Я далёк и велик и неподвижен.
Я буду жестоким, не умирая.
А умерев, буду качаться на волнах зарницей,
Пока не узнаете,
Что, отвращая лик парусов
От укора слабого взгляда луча,
Вы, направя грудь парусов
На подводные камни,
Сами летите разбиться
Всем судном могучим.
Чем судно громаднее,
Тем тяжелее звезда.
(1922)
Так что же всё-таки перед нами – образчик пророческого дара или «нарушение нормы, так называемого шизофренического круга»? Если рассматривать произведения Хлебникова и других великих поэтов не как фантазии психопата типа Dejener supericur, ответ очевиден.

Знаки бессмертия: Александр Пушкин

«Кто чувствовал, того тревожит призрáк неотвратимых дней», – писал автор «Евгения Онегина».
А вот как изобразил то же состояние П.И. Чайковский в письме А.К. Глазунову более чем за три года до своей смерти: «Переживаю сейчас загадочную стадию на пути к могиле. Что-то такое совершается в моей натуре, для меня самого непонятное: какая-то усталость от жизни, какое-то разочарование: по временам безумная тоска, но не та, в глубине которой – предвидение нового прилива любви к жизни, а нечто безнадёжное, финальное и даже, как это свойственно финалам, – банальное. А вместе с этим охота писать страшная. Чёрт знает что такое: с одной стороны, как будто чувствую, что песенка моя уже спета, а с другой – непреодолимое желание затянуть или всё ту же, или ещё лучше, новую песенку... Впрочем, повторяю, я и сам не знаю, что со мной происходит...».
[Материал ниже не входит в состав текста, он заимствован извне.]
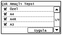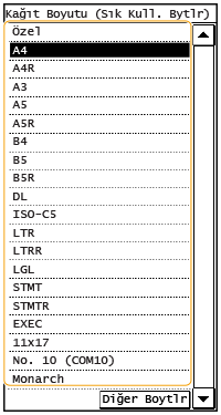 Onay işareti olmayan kağıt boyutları <Kağıt Boyutu (Diğer Boyutlar)> ekranında görüntülenir.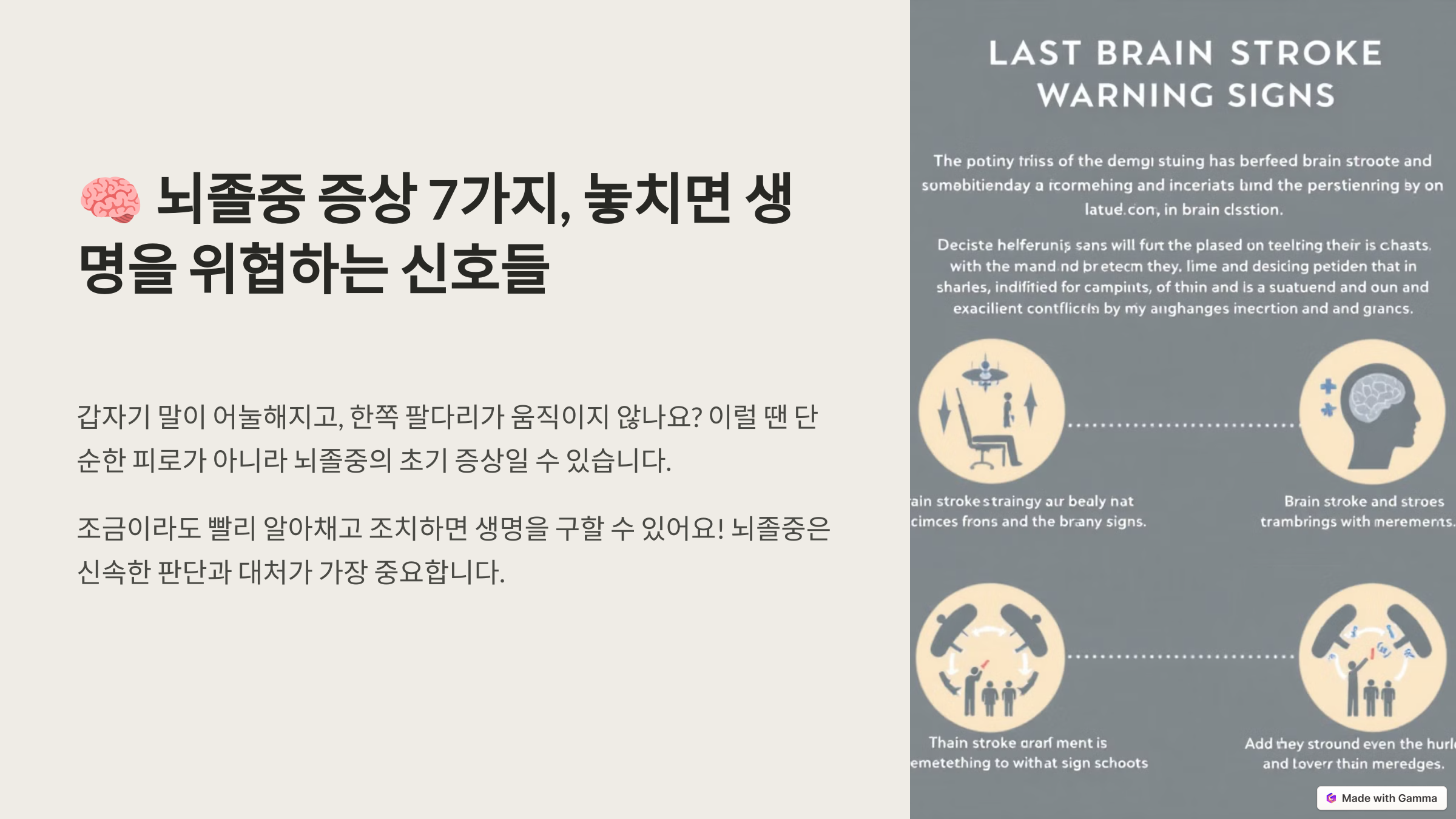 갑자기 말이 어눌해지고, 한쪽 팔다리가 움직이지 않나요? 이럴 땐 단순한 피로가 아니라 뇌졸중의 초기 증상일 수 있습니다.

Гораздо яснее фатальное предчувствие передано Чайковским в музыкальном сочинении – всемирно известной Шестой «Патетической» симфонии. Особенно характерно в этом смысле заключительное Adagio lamentoso. Премьера симфонии состоялась за девять дней до смерти композитора от последствий перенесенной холеры.
Итак, уместно говорить не о каком-то внезапном всплеске, а о медленном, постепенно нарастающем в человеке ощущении неотвратимого приближения к жизненному итогу, чувстве, которое достигает кульминации в период, непосредственно предшествующий более или менее скоротечному финалу. Именно тогда творческая личность создаёт наиболее значительные, проникнутые искренней патетикой произведения, иногда завершая тему, растянутую во времени на годы и десятилетия. Художественные способности в это время не только не угасают, а напротив, получают сильнейший дополнительный импульс («охота писать страшная»).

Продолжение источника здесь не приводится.